Fed’s Bullard: Enlightening on Housing and Economy

James BullardI love people who speak the truth.
Regrettably, speaking the truth today is an increasingly rare commodity in our nation and on the global economic landscape. Given that reality, unbiased and bold truth telling hits me like a rush of adrenaline on a cool, crisp morning.
I got just such a rush listening to Bloomberg today as Tom Keene interviewed St. Louis Fed President Jim Bullard.
For those who care to learn and understand what is going on in our global economy, this interview was truly enlightening.

Let me give you the painful but brutal truth as to why our economic recovery is going to take so long. Bullard recently wrote,
“Recovery from this point  is ongoing and will ultimately take many years. In particular households are saddled with too much mortgage debt compared with historical norms.”
Stating the obvious, you may think. Stick with me.
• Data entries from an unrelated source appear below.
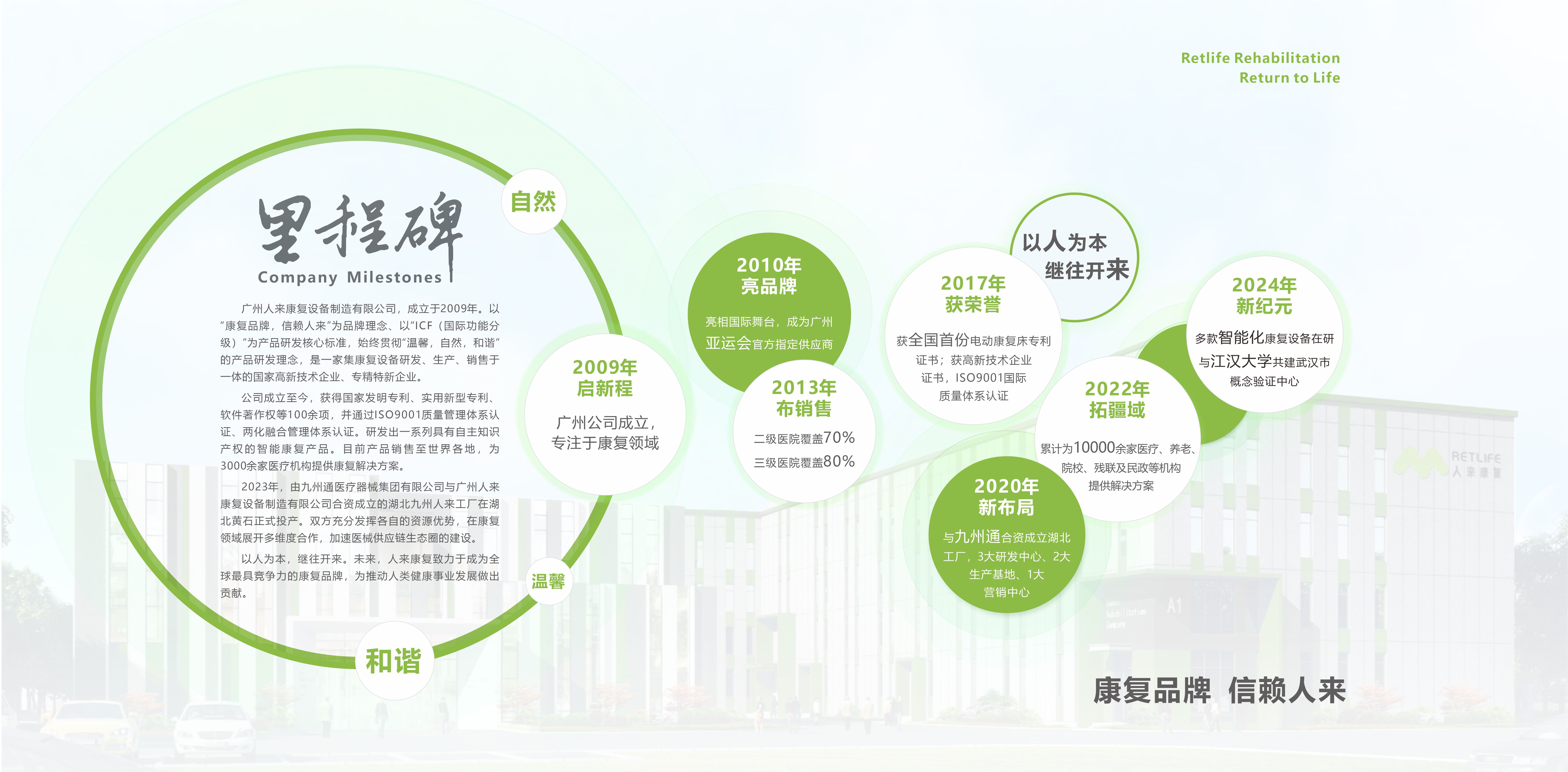 广州人来康复设备制造有限公司,成立于2009年。以“康复品牌,信赖人来”为品牌理念、以“ICF(国际功能分级)”为产品研发核心标准,始终贯彻“温馨,自然,和谐”的产品研发理念,是一家集康复设备研发、生产、销售于一体的高新技术企业、专精特新企业。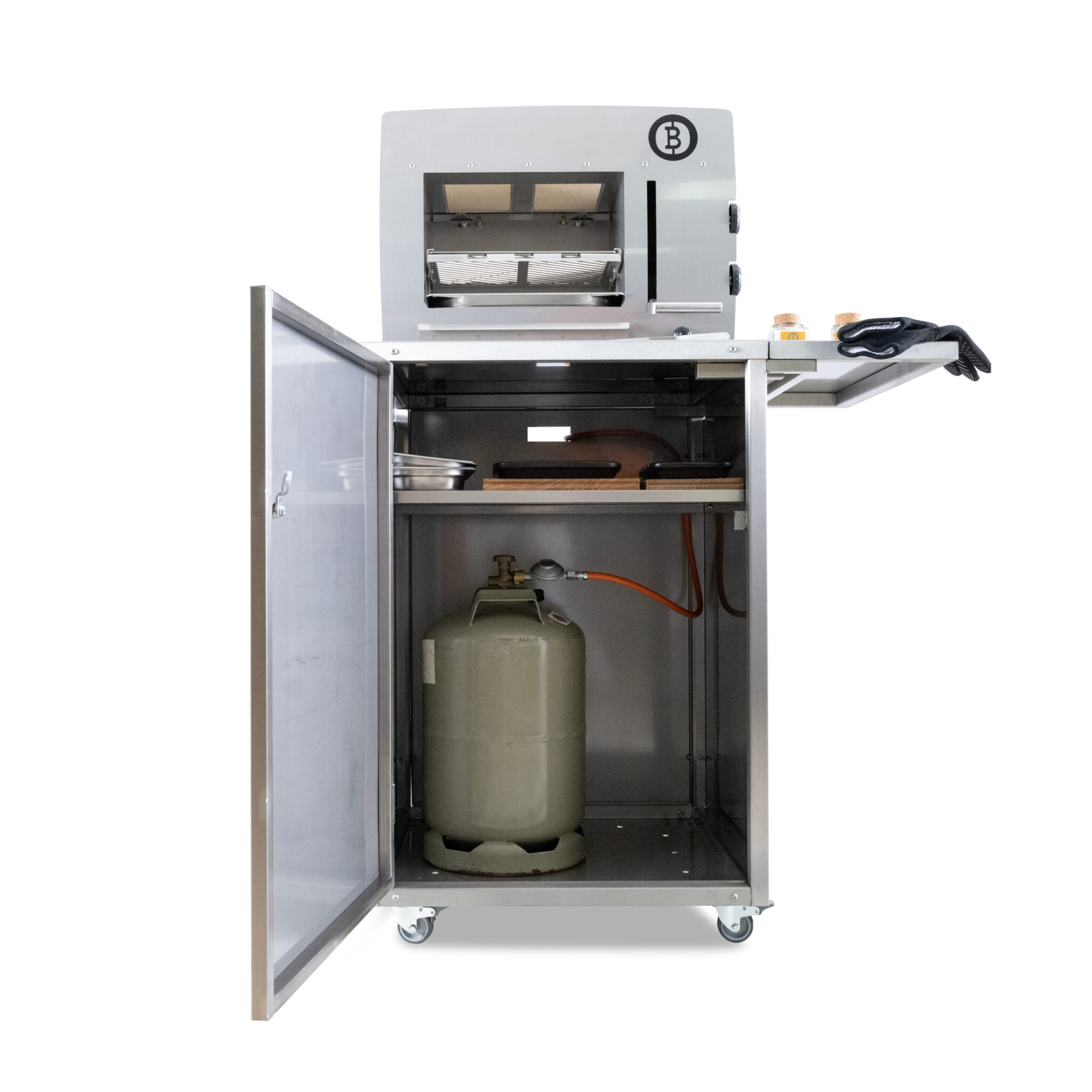 Lorsque les extensions latérales en acier ne sont pas nécessaires, elles se retirent facilement et se rangent à l’intérieur du chariot, avec tous vos accessoires, une bouteille de gaz de 11 kg, ou tout ce que vous aimez garder à portée de main pour sublimer les arômes. Une étagère intérieure (incluse) divise l’espace en deux niveaux, dans un rapport d’environ 25/75 – pour une organisation optimale.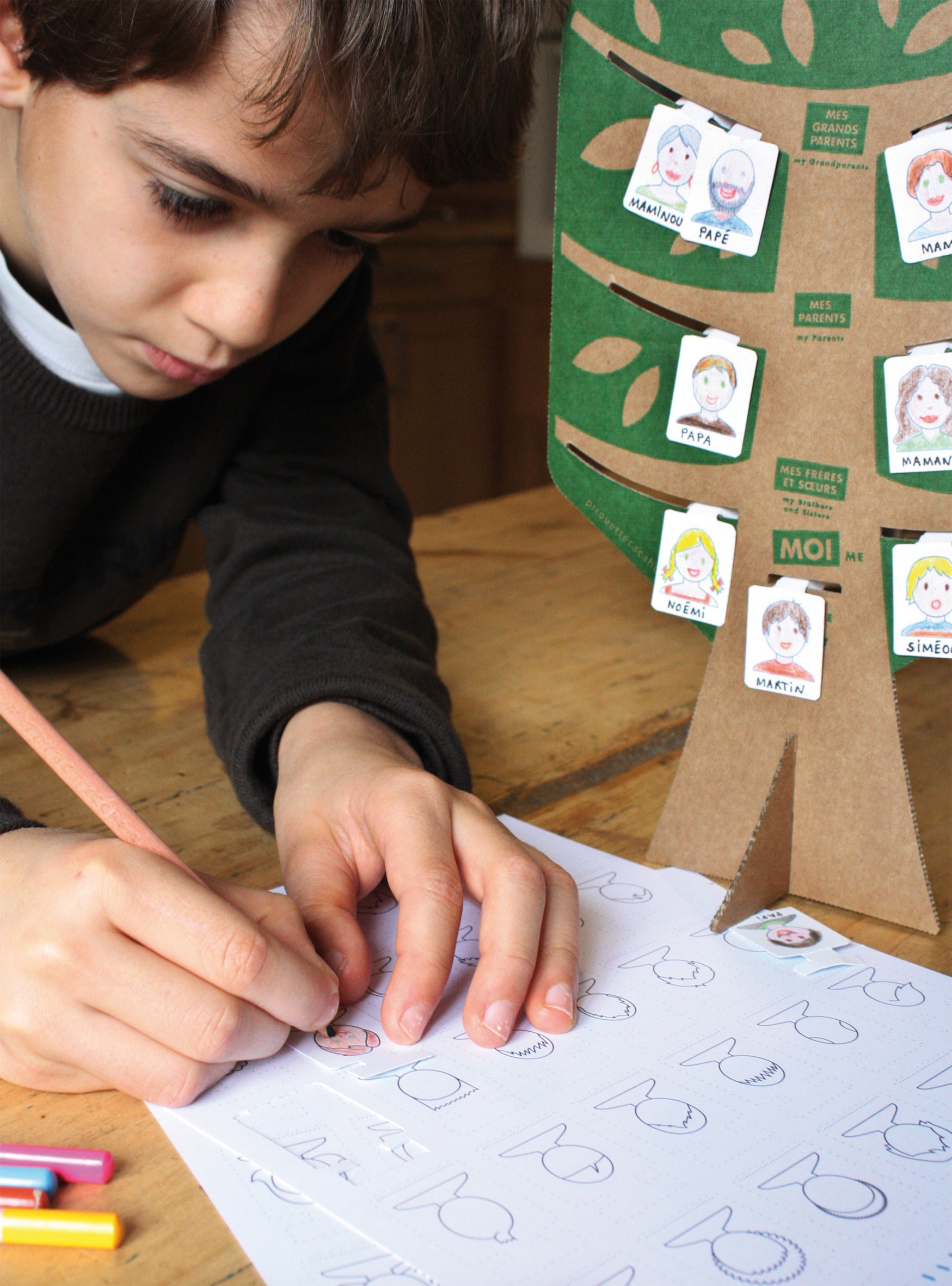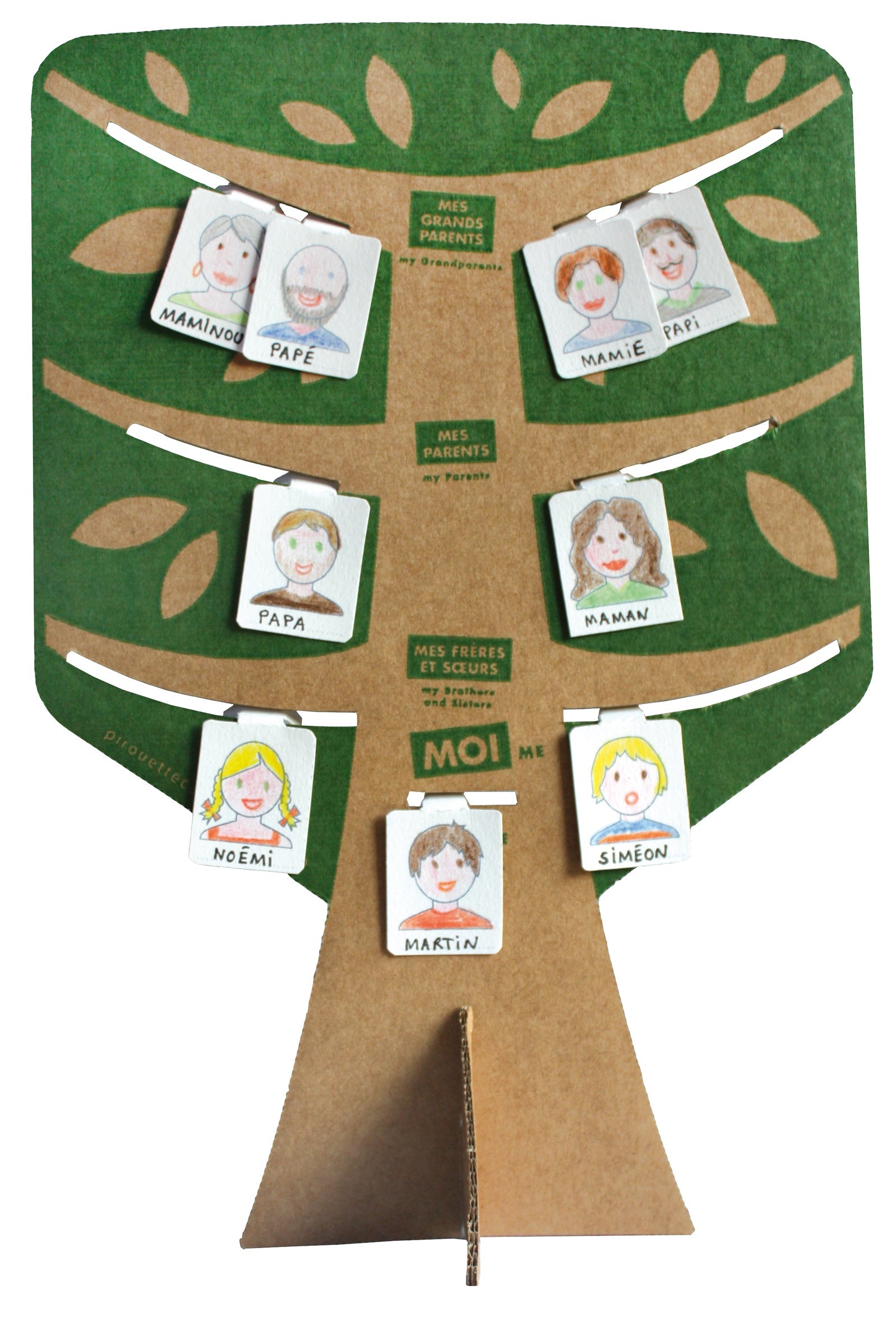 "Un jeu éducatif qui aide à comprendre sa place au sein de sa famille, qu'elle soit traditionnelle ou recomposée. Partagez un moment unique entre différentes générations. Parmi 50 portraits illustrés, identifiez ceux qui évoquent le plus vos proches, colorez les pour les personnaliser, puis placez les sur les branches appropriées de l'arbre généalogique."
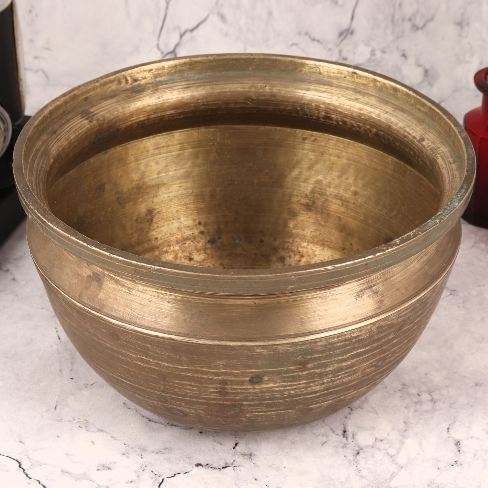 Adorn your interior with the timeless elegance of our Vintage Brass Flower Pot. Crafted with meticulous attention to detail by highly skilled Indian artisans, this exquisite piece showcases the rich heritage of South Indian artistry. Made from high-quality brass, it boasts a lustrous antique brown finish that exudes an air of sophistication. This versatile flower pot is the perfect addition to any space – whether it's your home, office, restaurant, hotel, cafe, or shop. Its stunning design makes it a captivating decorative piece that effortlessly complements a wide range of interior styles. Use it as a flower pot to bring a touch of nature indoors, or display it as an artful centerpiece. Collectors will appreciate its vintage charm, as it seamlessly blends with antique collections. The Vintage Brass Flower Pot also makes for a thoughtful and unique gift for your loved ones on special, festive, or auspicious occasions. It symbolizes not only beauty but also the enduring craftsmanship of Indian artisans, making it a cherished addition to any setting.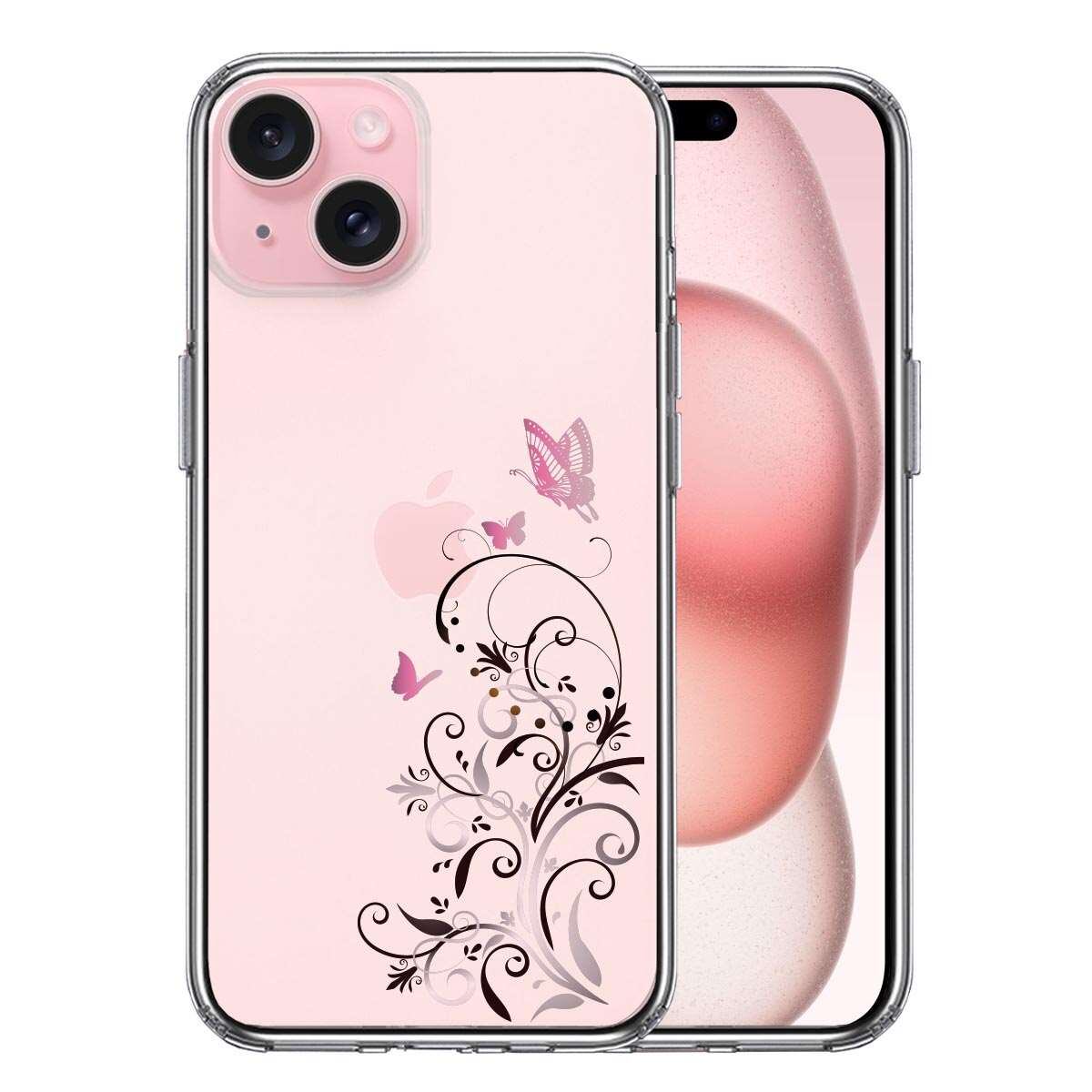 iPhone 15 Plus 側面ソフト 背面ハード ハイブリッド クリア ケース フローラル バタフライ (ピンク)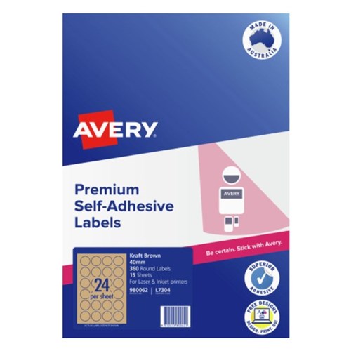 Avery Blank Printable Labels L7304 40mm Round Kraft Brown 24UP 360 Labels 15 Sheets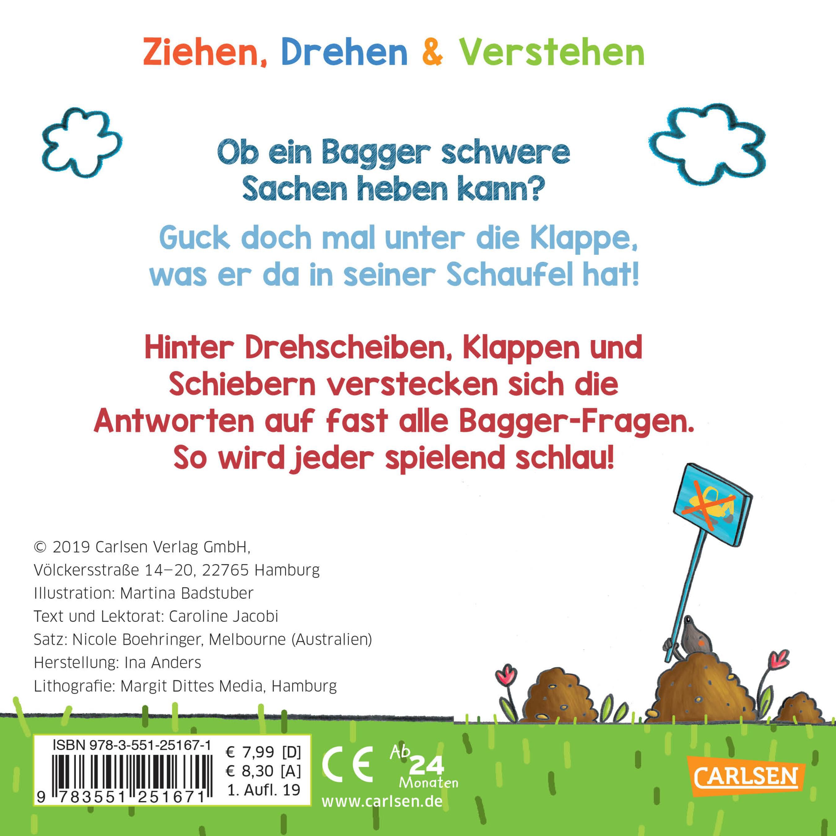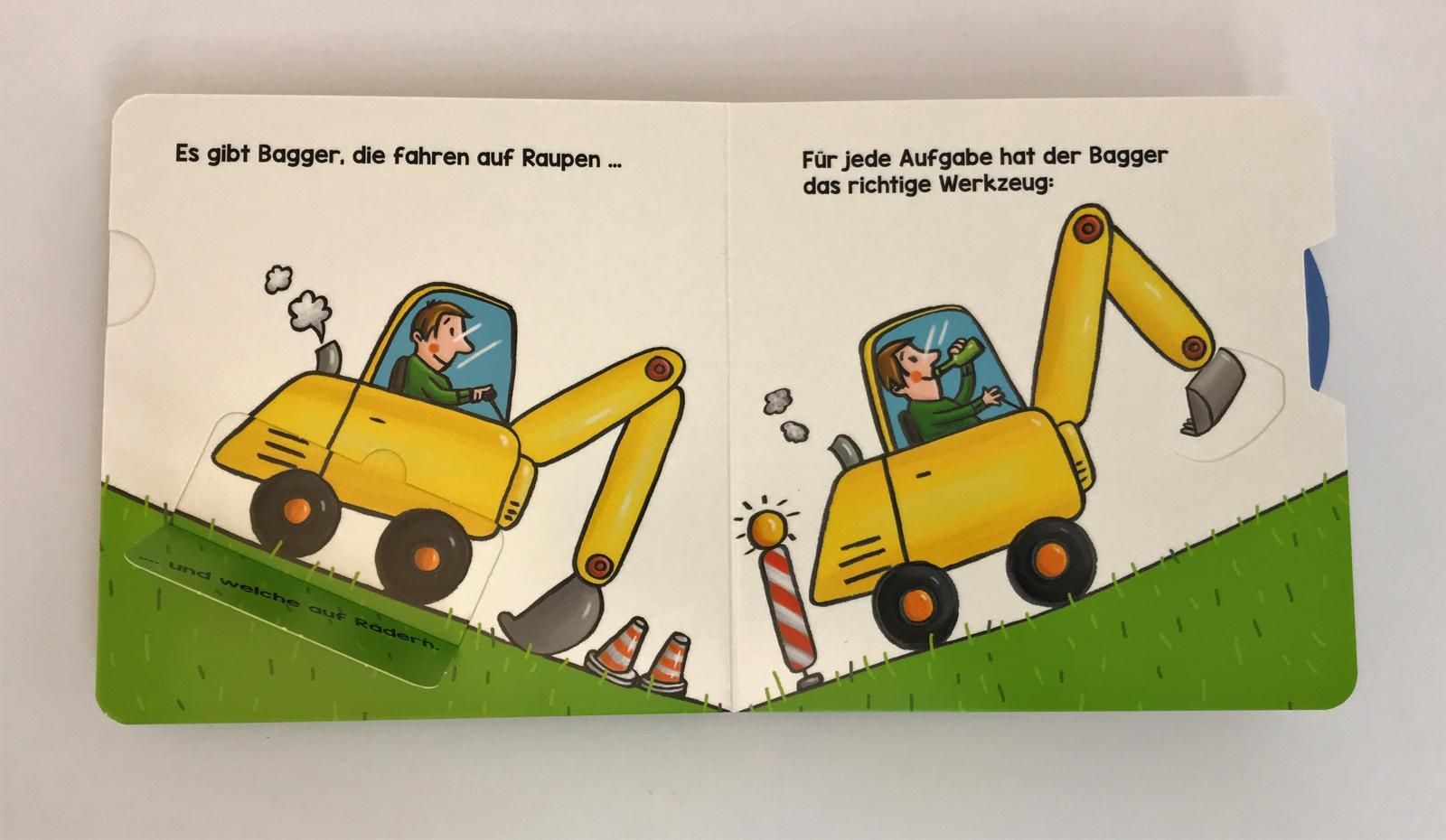Ob ein Bagger schwere Sachen heben kann? Guck doch mal unter die Klappe, was er da in seiner Schaufel hat! Kann ein Bagger Häuser einreißen? Welche Werkzeuge hat ein Bagger? Welche Bagger gibt es? Hinter Drehscheiben, Klappen und Schiebern verstecken sich die Antworten auf fast alle Bagger-Fragen.

How much is too much mortgage debt? Bullard maintains the answer to that question is $3.7 TRILLION.
Be mindful that massive figure represents approximately 25% of our nation’s annual GDP. How is that number derived? Bullard lays out that the overall loan to value ratioof the U.S. housing market is currently between 90-95% against a historical norm of approximately 60%. That differential is a cool $3.7 trillion.
How long will it take American homeowners to pay down their mortgage debt to levels approaching historical norms? Bullard asserts it will take from 7 to 15 years.
Thus, while housing affordability is exceptionally attractive currently, the market is not going to get away from potential buyers who are truly being “paid to wait.”
Aside from housing, Bullard highlighted the fact that the extraordinary measures the Fed has taken to support the economy have distorted overall levels of interest rates and their impact on the economy beyond what models would otherwise project.
In regard to the Fed undertaking another round of quantitative easing, Bullard put forth that the hurdle for that undertaking is high and the risk to the Fed’s balance sheet has increased. If the Fed were to pursue more QE, it would further put our central bank into uncharted waters.
What does this all mean? Bullard concludes that a 2% level of overall growth for our nation’s economy might be as good as we can expect for the foreseeable future. How we might generate real job growth in the face of that underwhelming level of growth is the great $64 ZILLION question.
Not exactly a pretty picture but the cold slap in the face with a heavy dose of the truth was decidedly refreshing compared to the drivel put forth by many — dare I say most — on the political and economic stumps.
For those who would care to view the 13 minute interview, I welcome sharing it.
As always. . . keep your head up and navigate accordingly.